Applications also have to ensure they are disposable. Our application does not perform extra configuration steps during startup and does not require any clean up operations to be performed during shutdown. As a result we have an application that starts quickly and can be easily restarted if something goes wrong.

Factor 10 – Dev/prod parity

“Keep development, staging, and production as similar possible”

Since you can do development, staging, and production on Bluemix the simple (and perhaps cheeky) answer here is to do development, staging, and production on Bluemix!

That said, development and preliminary testing can be performed locally, The popularity of Docker images makes standing up test instances of Cloudant or other datastores fairly painless. As the location and credentials for accessing the service are provided by environment variables, it is easy to put together a production-like environment for local testing. If you use the WebSphere Devloper Tools (WDT) to do local development you also get the benefit of incremental publish, which allows you to make live changes to your application without having to go through packaging and release steps at development time.

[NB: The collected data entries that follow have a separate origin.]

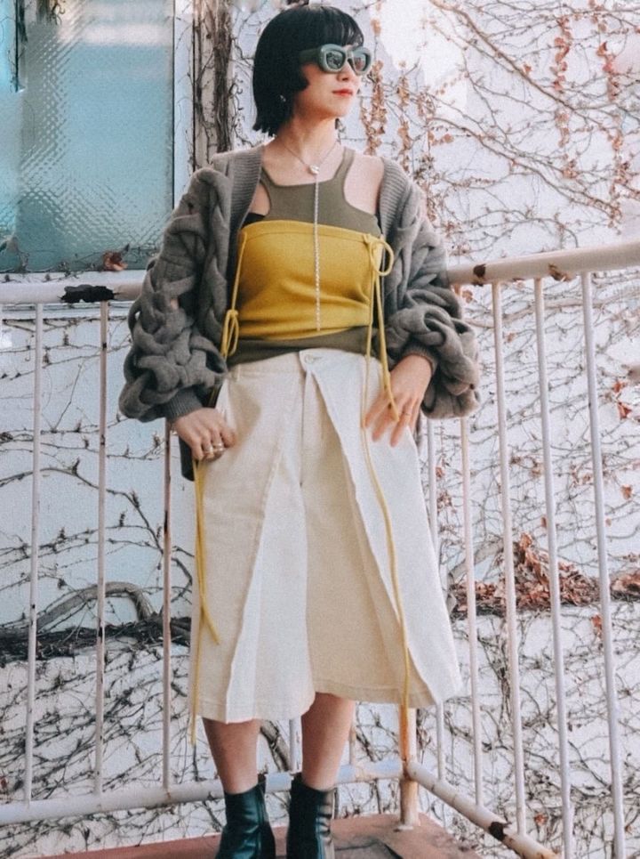 「春を意識したカラーグラデーションのスタイリングへ、アイウェアのグリーンをポイントに取り入れました。個性的なニットアイテムのレイヤードしているので、アイウェアも存在感のあるデザインを選んだのがポイントです」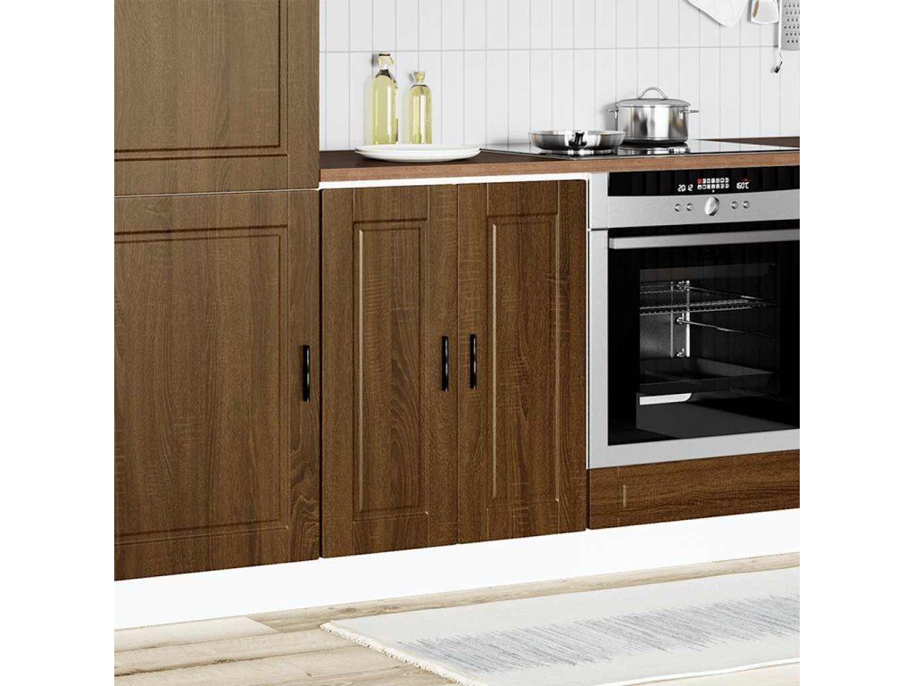 - Praktické dveře: Dvířka pomáhají udržovat čistý a uspořádaný prostor tím, že za nimi jsou schovány kuchyňské spotřebiče a nepořádek.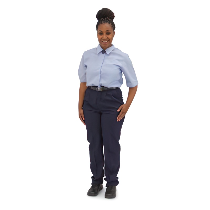 These women's Window Clerk Slacks are 100% polyester and feature a tailored, pleated front. Women's postal navy pants are also designed with a side elastic waistband with belt loops, front quarter top pockets, double welt back pockets, a front zipper, and button closure.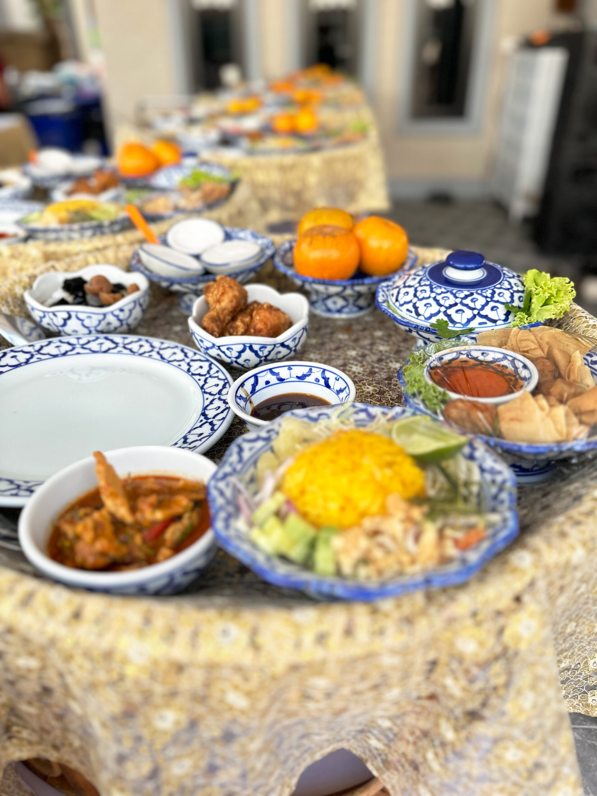 - อาหารเลี้ยงพระ จัดเตรียมอาหารเป็นชุดขันโตก (สำหรับถวายพระพุทธ 1ชุด และพระสงฆ์ 9ชุด)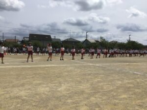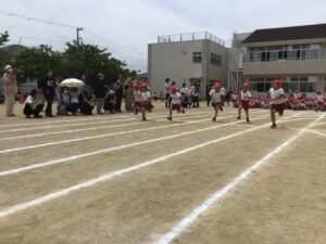 後半には2,4,6年生が演技を行いました。後半は、それぞれの学年で徒競走を行ったあと、親子競技、表現と続きました。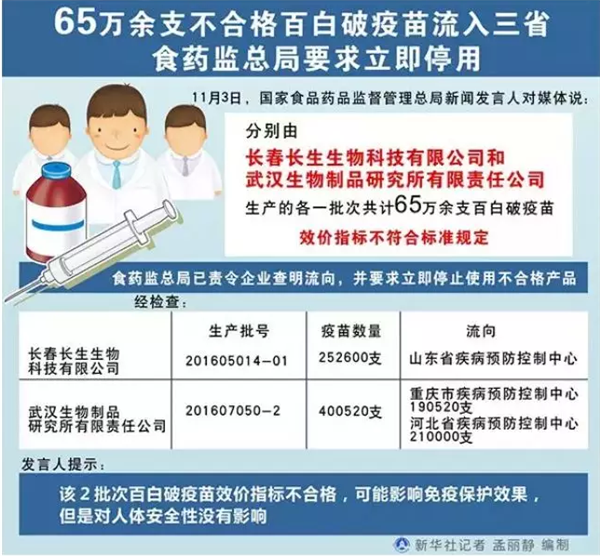 近日长春长生疫苗生产企业因“狂犬病疫苗生产记录造假”遭到吉林省药监局行政处罚,同时国家药监总局于2017年11月3日发布的“吸附无细胞百白破联合疫苗”(简称“百白破”)效价指标检验不符合规定事件(长春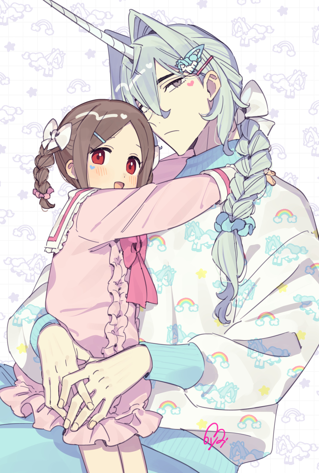 1boy 1girl age_difference blue_hair blush bow bowtie braid brown_hair commentary couple dress grey_eyes hair_ornament hairclip heart heart_sticker hetero highres horns hug light_blue_hair lily_(moyori) long_hair moyori open_mouth original pink_dress print_sweater red_eyes short_hair single_horn smile sticker sweater untranslatable_commentary twin_braids unicorn_(moyori) unicorn_hair_ornament unicorn_print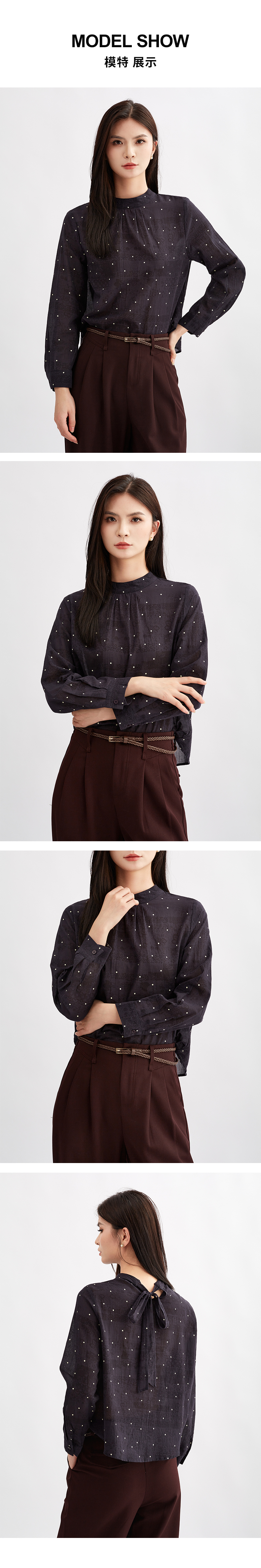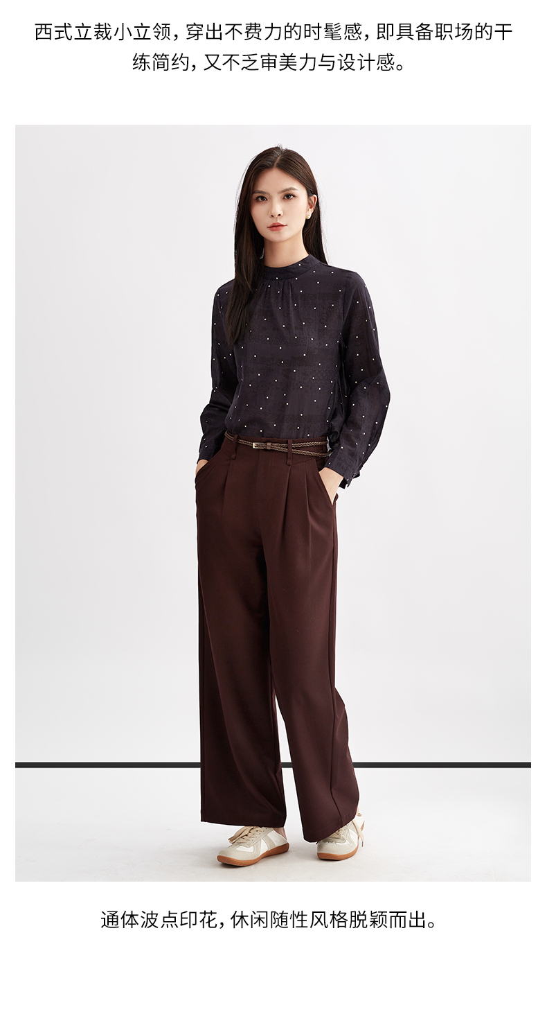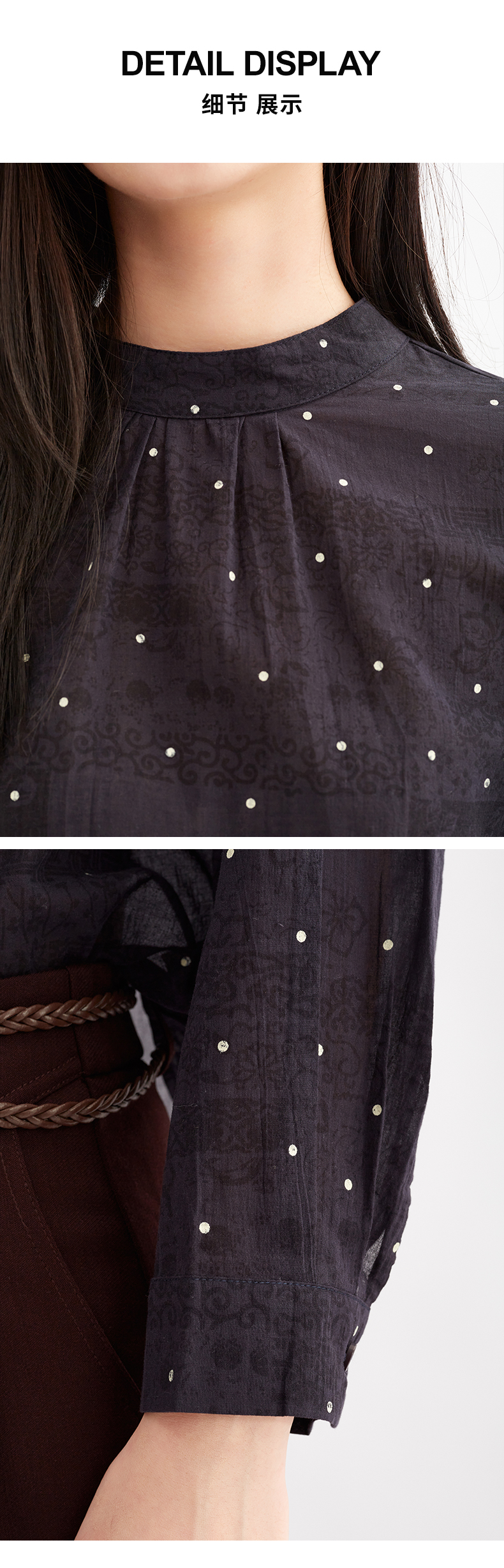 【休闲随性】阿菁娜都市浪漫波点印花小立领衬衫F30Q202008

It is also interesting to note that running a server locally is a good method for testing. Since the server is so quick to startup, rather than having to build a mocking server to run unit tests with, you can actually just run them on a Liberty server without having to have a test suite that takes hours to run.

Factor 11 – Logs

“Treat logs as event streams”

When your application is deployed in Bluemix using the Liberty buildpack (which is the default and what our sample does), anything you write toSystem.out will be included in the messages.log that can be found in the Files and Logs tab on Bluemix.

If you deploy your application to a different environment without the Liberty buildpack (e.g. using a docker image with the IBM Container Service), it may be more appropriate to send all logging and trace from Liberty and your application to standard out. This is more consistent with this factor, which recommends that everything should be sent to the system streams so the containing/hosting environment can deal with it. This can be easily achieved by adding a bootstrap.properties file containing com.ibm.ws.logging.trace.file.name=stdout to your server folder (at the same level as server.xml).

If you take the Bluemix approach and are looking for more detailed information you can also make use of the Monitoring and Analytics service on Bluemix. This is a handy way to keep track of all of your applications and view in depth analytics of your applications at all stages; development, test and production.

Factor 12 – Admin processes

“Run admin/management tasks as one-off processes”

It took a while to decide on a realistic admin process for us to run on our simple application. Examples given on 12factor.net include migrating databases and running one-time scripts to do cleanup – things a small getting-started sample doesn’t usually need to do! We finally settled on gathering statistics about our application.

The monitor-1.0 Liberty feature provides a servlet MXBean that reports runtime and access statistics, such as the application name, servlet name, and request count. This information is normally accessed using a JMX client, but by also enabling the restConnector-1.0 feature we can access the JMX clients using REST requests. Other MBeans are also available, you can view the full list by visiting the /IBMJMXConnectorREST/mbeans/ context root and entering the username and password of the quickStartSecurity element in the server.xml.

In the sample app we have created a servlet which can be accessed using the context root /12-factor-application/admin/stats which collects the request count details from the JMX connector, parses it, and displays the data. This servlet is deployed as part of the application but is only invoked as a one-off admin process.